**Problem details**
Your copy of the entries below should hold exactly the lines from the one containing "海淀区教委副主任赵霞在致辞中" to the one containing "SPAIN, Seville, bust", inclusive, and no pictures.

**Exercise inputs**
● ● ● ● ●

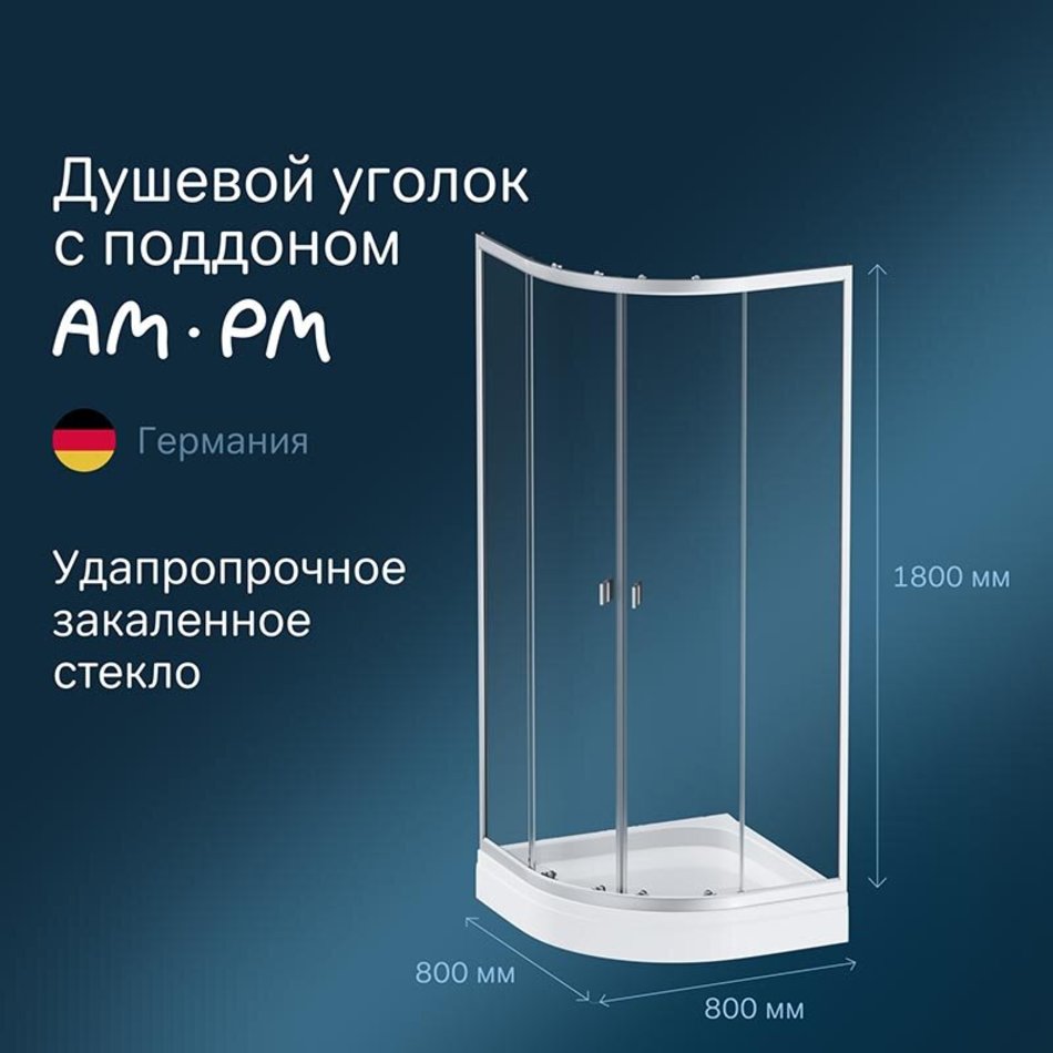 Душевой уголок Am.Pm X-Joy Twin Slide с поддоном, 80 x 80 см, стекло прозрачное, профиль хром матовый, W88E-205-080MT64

● ● ● ● ●

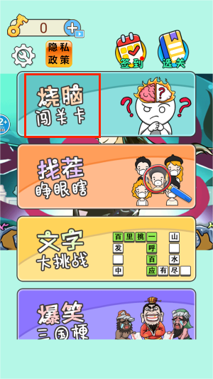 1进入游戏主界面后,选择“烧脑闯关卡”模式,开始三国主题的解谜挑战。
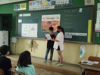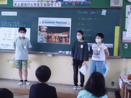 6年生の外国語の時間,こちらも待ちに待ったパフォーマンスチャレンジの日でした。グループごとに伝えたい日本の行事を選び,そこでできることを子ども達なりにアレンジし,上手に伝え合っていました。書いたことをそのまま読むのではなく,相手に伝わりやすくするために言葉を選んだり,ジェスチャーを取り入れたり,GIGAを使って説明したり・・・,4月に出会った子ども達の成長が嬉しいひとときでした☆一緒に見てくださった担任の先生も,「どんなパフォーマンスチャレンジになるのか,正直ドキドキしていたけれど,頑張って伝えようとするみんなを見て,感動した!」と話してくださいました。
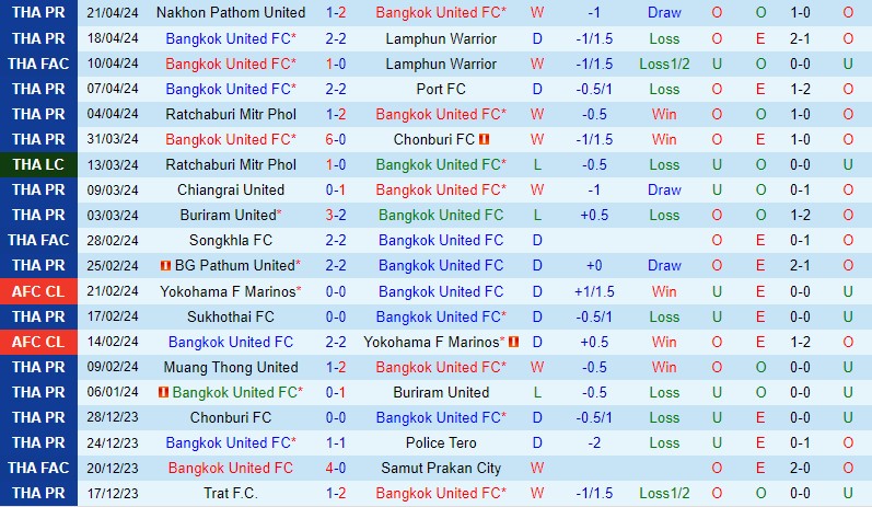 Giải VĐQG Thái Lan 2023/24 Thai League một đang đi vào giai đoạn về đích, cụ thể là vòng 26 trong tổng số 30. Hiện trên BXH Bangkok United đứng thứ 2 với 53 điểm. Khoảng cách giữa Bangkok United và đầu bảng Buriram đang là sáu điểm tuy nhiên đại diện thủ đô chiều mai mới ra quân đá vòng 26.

● ● ● ● ●

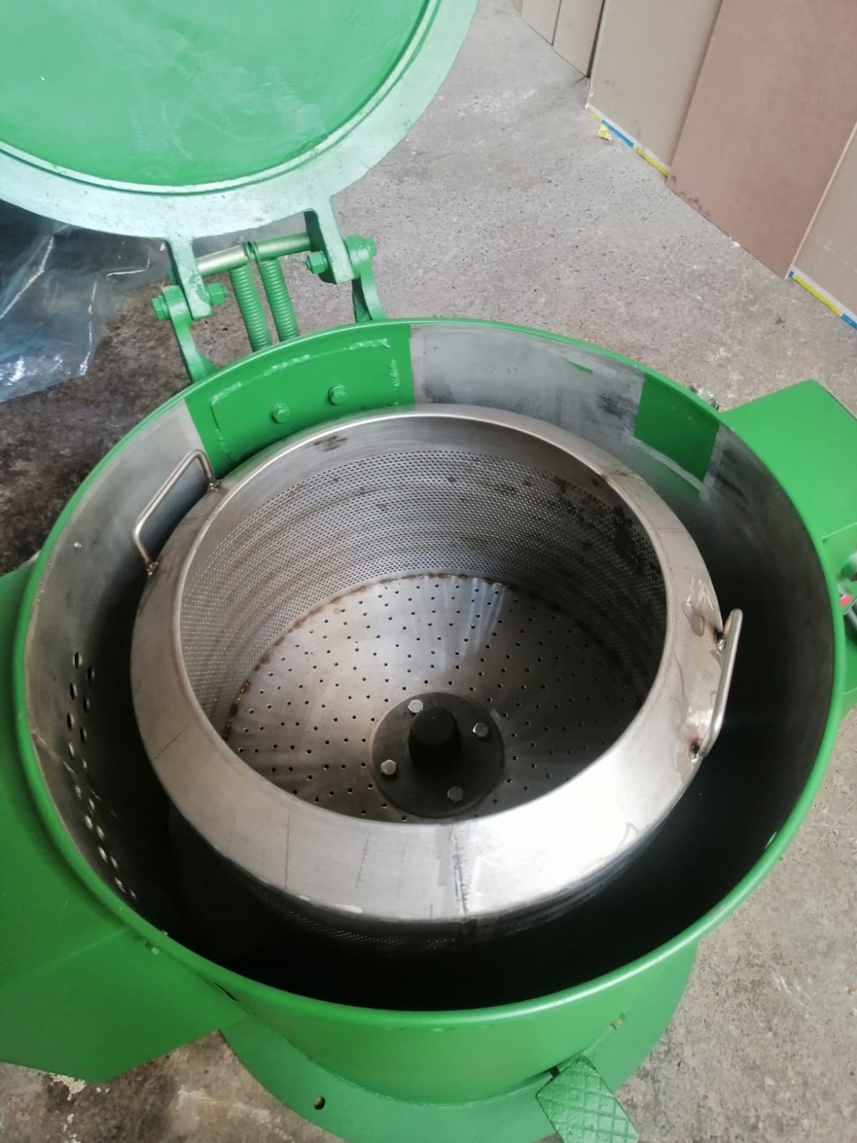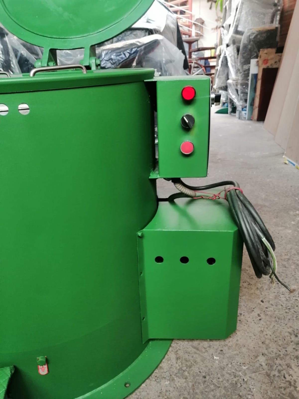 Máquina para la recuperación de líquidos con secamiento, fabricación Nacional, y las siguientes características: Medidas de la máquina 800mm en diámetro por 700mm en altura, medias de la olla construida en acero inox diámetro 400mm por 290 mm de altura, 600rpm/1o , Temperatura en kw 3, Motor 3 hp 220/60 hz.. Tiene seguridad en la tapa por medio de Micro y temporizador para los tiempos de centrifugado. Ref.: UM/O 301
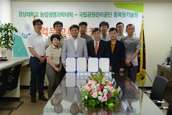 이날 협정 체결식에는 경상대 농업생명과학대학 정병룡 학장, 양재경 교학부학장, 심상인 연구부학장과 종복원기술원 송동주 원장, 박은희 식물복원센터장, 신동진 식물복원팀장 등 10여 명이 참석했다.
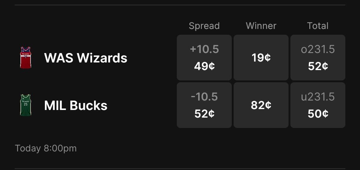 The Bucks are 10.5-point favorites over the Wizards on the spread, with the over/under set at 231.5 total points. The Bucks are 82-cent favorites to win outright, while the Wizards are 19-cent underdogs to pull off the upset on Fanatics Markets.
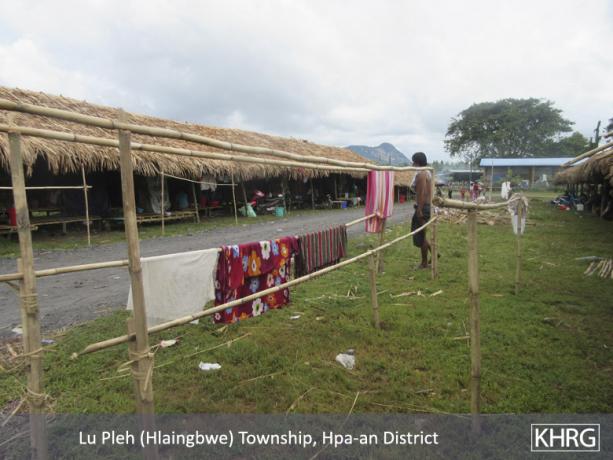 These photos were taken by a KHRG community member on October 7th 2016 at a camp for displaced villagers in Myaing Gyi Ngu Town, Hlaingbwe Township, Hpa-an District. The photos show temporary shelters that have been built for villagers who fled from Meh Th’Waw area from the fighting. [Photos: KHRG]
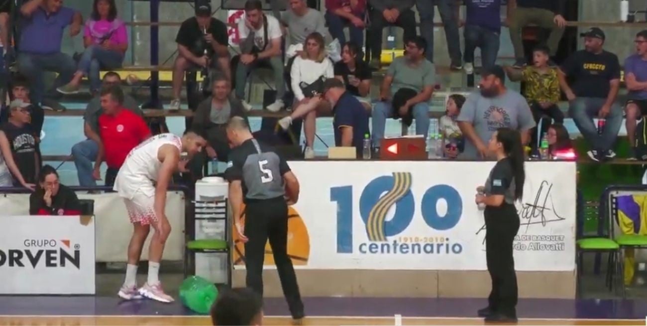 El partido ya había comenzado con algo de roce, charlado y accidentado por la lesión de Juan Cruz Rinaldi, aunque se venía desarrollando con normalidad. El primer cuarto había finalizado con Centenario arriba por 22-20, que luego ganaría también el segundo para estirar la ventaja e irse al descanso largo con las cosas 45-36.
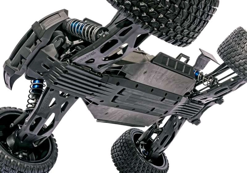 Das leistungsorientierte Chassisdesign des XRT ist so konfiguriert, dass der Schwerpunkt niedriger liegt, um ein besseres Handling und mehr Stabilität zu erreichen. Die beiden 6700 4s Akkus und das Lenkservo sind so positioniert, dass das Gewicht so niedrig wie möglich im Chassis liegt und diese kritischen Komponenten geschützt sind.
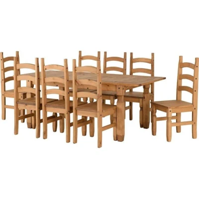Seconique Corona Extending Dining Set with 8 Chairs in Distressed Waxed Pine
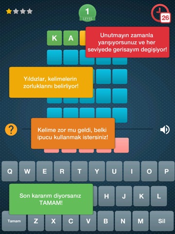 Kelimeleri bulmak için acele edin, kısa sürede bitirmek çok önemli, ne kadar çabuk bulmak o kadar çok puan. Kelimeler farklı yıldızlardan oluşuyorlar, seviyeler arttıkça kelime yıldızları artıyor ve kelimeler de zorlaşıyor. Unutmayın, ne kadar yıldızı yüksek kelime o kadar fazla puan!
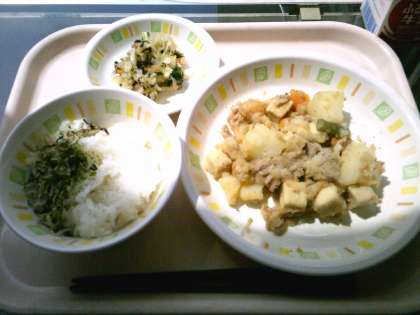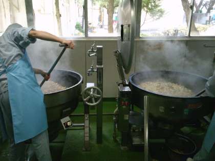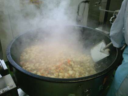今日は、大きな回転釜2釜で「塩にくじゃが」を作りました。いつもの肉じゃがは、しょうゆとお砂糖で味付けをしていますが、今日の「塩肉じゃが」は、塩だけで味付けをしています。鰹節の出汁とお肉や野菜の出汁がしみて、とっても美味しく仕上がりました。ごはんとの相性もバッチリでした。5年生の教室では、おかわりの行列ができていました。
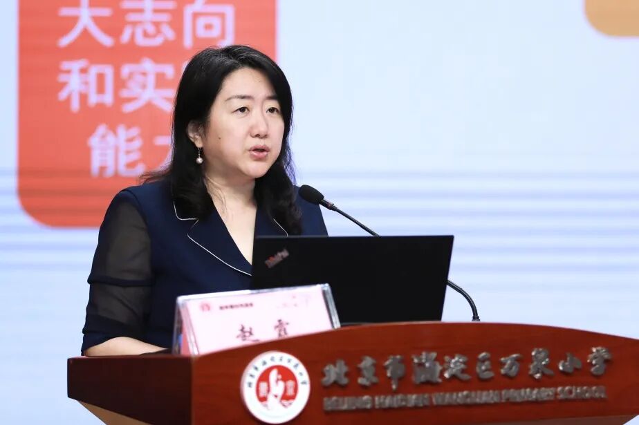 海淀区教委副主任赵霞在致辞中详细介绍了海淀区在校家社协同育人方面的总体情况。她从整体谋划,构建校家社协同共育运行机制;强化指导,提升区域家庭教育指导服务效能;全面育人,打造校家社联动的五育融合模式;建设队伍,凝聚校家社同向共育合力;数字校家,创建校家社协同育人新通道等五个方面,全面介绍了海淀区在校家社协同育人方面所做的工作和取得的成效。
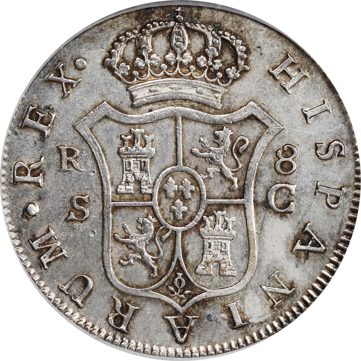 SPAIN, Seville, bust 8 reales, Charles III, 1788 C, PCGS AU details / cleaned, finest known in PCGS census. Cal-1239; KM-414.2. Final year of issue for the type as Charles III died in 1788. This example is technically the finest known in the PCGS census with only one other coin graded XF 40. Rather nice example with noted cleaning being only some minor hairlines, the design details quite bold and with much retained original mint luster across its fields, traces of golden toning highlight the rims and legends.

● ● ● ● ●

**Response to this exercise**
 海淀区教委副主任赵霞在致辞中详细介绍了海淀区在校家社协同育人方面的总体情况。她从整体谋划,构建校家社协同共育运行机制;强化指导,提升区域家庭教育指导服务效能;全面育人,打造校家社联动的五育融合模式;建设队伍,凝聚校家社同向共育合力;数字校家,创建校家社协同育人新通道等五个方面,全面介绍了海淀区在校家社协同育人方面所做的工作和取得的成效。
 SPAIN, Seville, bust 8 reales, Charles III, 1788 C, PCGS AU details / cleaned, finest known in PCGS census. Cal-1239; KM-414.2. Final year of issue for the type as Charles III died in 1788. This example is technically the finest known in the PCGS census with only one other coin graded XF 40. Rather nice example with noted cleaning being only some minor hairlines, the design details quite bold and with much retained original mint luster across its fields, traces of golden toning highlight the rims and legends.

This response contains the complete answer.